为什么允许指向不完整类型的指针而不是不完整类型的变量? [英] Why are pointers to incomplete types allowed and not variables of incomplete types?
问题描述
为什么以下是合法的:
typedef struct a aType;
struct a
{
int x;
aType *b;
};
以及以下违法行为:
void main()
{
typedef struct a aType;
aType someVariable;
struct a
{
int x;
aType *b;
};
}
我只是好奇,因为在每种情况下它都是前向引用,据我所知,至少对于函数和变量,前向引用是不合法的.

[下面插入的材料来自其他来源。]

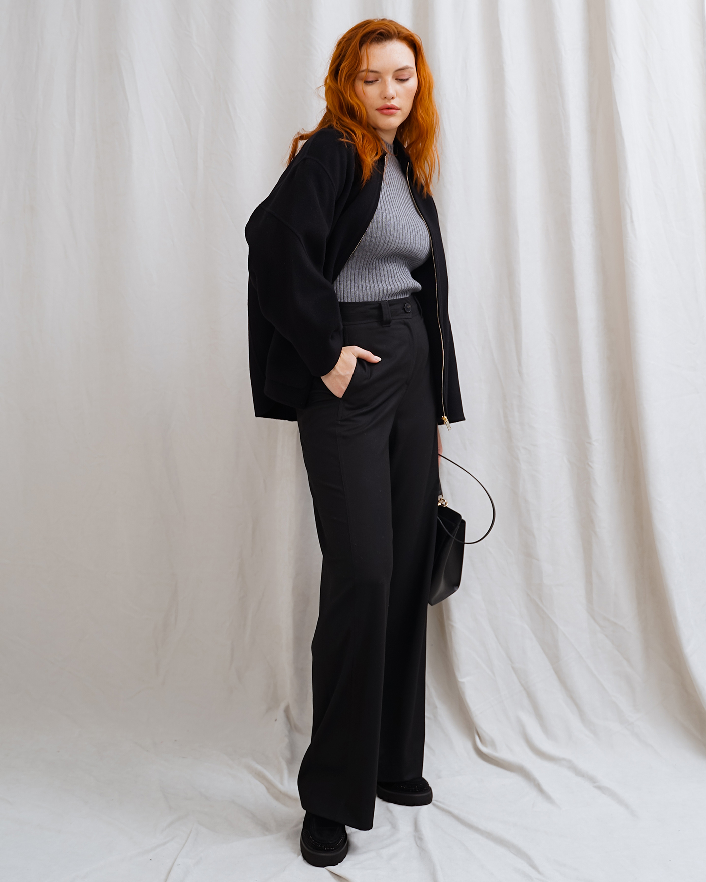 Классические брюки Marella черного цвета в лампасамми в тон. Модель прямого кроя на стандартной застежке, имеются врезные карманы по бокам. Брюки можно сочетать с любым гардеробом на каждый день.

I'm just curious as in each case it is forward referencing and as far as I know, at least for functions and variables, forward referencing is not legal.
另外,C++ 的答案是否也一样?
Also, would the answer for this be the same for C++ as well?
推荐答案
就这样:
typedef struct a aType;
struct a { int x; aType *b; };
等同于:
struct a;
typedef struct a aType;
struct a { int x; aType *b; };
所以你正向声明一个struct
,typedef
然后定义它.完全没问题.
So you're forward-declaring a struct
, typedef
ing it and later defining it. Perfectly fine.
现在是第二个例子:
typedef struct a aType;
aType someVariable;
struct a { int x; aType *b; };
这与它在本地范围内的事实无关.这是怎么回事:
This has nothing to do with the fact that it's in local scope. What's happening is this:
struct a;
typedef struct a aType;
aType someVariable; // error: when it gets here, aType is still incomplete
struct a { int x; aType *b; };
aType someVariable; // perfectly fine, aType not incomplete
记住编译是按顺序进行的.当你尝试声明 someVariable
时,编译器还不知道 struct a
是什么,所以它不知道它的大小,因此它不知道有多少内存为它分配,因此编译错误.在定义 aType
之后声明它按预期工作.
Remember that compilation happens in order. When you try to declare someVariable
the compiler doesn't know what struct a
is yet, so it doesn't know its size, hence it doesn't know how much memory to allocate for it, hence a compile error. Declaring it after aType
is defined works as expected.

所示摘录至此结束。